Pensó, con razón, que no debía
permanecer allí. Si estaba enloqueciendo, era mil veces mejor enloquecer en su
casa que a orillas del río. Se levantó, apoyando un pie sobre una de las
piedras minúsculas que orbitaban cerca de la que ella estaba sentada. Cuando intentó pisar la piedra
siguiente, y pegar el envión para salir del charco donde estaba rodeada, sintió
que la piedra se hundía, junto con su pie, a una viscosidad de una sustancia
negra que la convención, en ese momento olvidada, no pudo llamar “barro”.
Ya en el piso, sintió como la lluvia
apuraba su ritmo. Las gotas que parecieron, hace unos minutos, acariciar su
piel, ahora eran balas de un calibre mojado. Creo que las confundió, en algún
momento, con su llanto. Hizo fuerza para levantarse del barro, y cuando lo
hizo, la musculosa blanca que resplandecía en la noche estaba llena de manchas.

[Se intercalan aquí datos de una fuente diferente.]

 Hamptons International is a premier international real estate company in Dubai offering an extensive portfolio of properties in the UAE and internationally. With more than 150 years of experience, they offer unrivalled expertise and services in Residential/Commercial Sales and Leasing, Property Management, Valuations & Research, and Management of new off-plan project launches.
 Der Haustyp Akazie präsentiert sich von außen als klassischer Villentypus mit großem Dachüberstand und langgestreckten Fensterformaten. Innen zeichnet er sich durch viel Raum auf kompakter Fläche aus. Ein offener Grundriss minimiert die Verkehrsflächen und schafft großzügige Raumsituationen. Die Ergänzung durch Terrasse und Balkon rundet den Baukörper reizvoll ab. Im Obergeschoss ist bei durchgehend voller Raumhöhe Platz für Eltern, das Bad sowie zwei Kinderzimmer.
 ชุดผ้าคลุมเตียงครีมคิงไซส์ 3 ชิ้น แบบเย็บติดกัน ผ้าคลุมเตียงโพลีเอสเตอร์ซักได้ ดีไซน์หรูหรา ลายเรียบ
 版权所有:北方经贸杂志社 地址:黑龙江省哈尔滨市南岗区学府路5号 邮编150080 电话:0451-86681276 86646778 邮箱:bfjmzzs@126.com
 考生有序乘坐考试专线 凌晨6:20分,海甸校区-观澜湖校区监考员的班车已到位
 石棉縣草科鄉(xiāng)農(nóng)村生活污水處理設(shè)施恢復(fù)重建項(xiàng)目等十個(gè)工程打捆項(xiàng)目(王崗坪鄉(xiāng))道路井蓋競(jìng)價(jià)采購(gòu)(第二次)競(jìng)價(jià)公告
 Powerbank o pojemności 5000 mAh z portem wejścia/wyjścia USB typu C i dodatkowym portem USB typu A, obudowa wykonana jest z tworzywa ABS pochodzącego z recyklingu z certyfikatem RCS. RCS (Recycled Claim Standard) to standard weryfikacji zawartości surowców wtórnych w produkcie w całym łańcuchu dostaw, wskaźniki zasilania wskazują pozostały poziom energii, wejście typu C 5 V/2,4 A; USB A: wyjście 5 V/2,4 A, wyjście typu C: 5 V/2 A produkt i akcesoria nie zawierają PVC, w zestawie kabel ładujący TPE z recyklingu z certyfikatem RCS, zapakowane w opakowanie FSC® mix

Sintió, de alguna manera, que su vientre estaba manchado. El celular y los
cigarrillos quedaron tirados en el pasto cuando comenzó a correr tropezándose
con ramas, lastimándose los tobillos como cuando era niña y jugaba a la mancha
con Diana, Perla y Eliana.
La segunda visión apareció cuando
intentó cruzar la calle. Los bares estaban, ahora, vacíos. Una inmensidad de
negrura atravesaba la calle, cubriendo la luz de los postes, las rayitas
amarillas de la calle y los pinos del bulevar. En ese líquido negro, símil
petróleo, iban nadando muñecas de su infancia, que creyó reconocer. Las mismas
muñecas que su mamá le regalaba para sus cumpleaños, pero obsoletas, y rotas.

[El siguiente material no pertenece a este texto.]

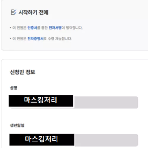 다음으로는 신청서를 작성하는 단계입니다. 신청하는 나의 정보 중 성명과 생년원일이 맞는지 먼저 체크해주시구요.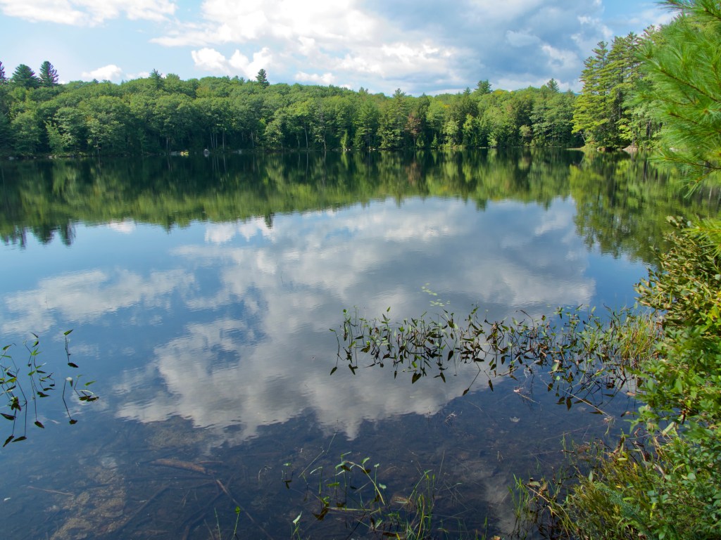 September 16, 1852 September 16, 2024 by allandibiase in Thoreau’s Journal: The rippled blue surface of Fair Haven from the Cliffs—with its smooth white border where weeds preserve the surface smooth––a placid sliver plated rim–– The pond is like the sky with a border of whitish clouds in the horizon. Share this: Click to share on X (Opens in new window) X Click to share on Facebook (Opens in new window) Facebook Like Loading... Related

Sin ojos, sin piernas o manos. Algunas tenían, pero muy pocas, broches incrustados
como navajas en sus cuerpos. Además de las muñecas, en el líquido también
flotaban cartas, de esas que su mamá leía cuando lloraba, o al revés.
Acorralada por la imagen en la calle
corrió para el lado contrario. El ruido del agua, los saltos de los peces, se
hacían cada vez más cercanos. Sus piernas pisaban lo que pensó que no eran
hojas.
El río pareció, al verlo, familiar y
calmo, comparado con aquel otro río. Fue imposible no tirarse.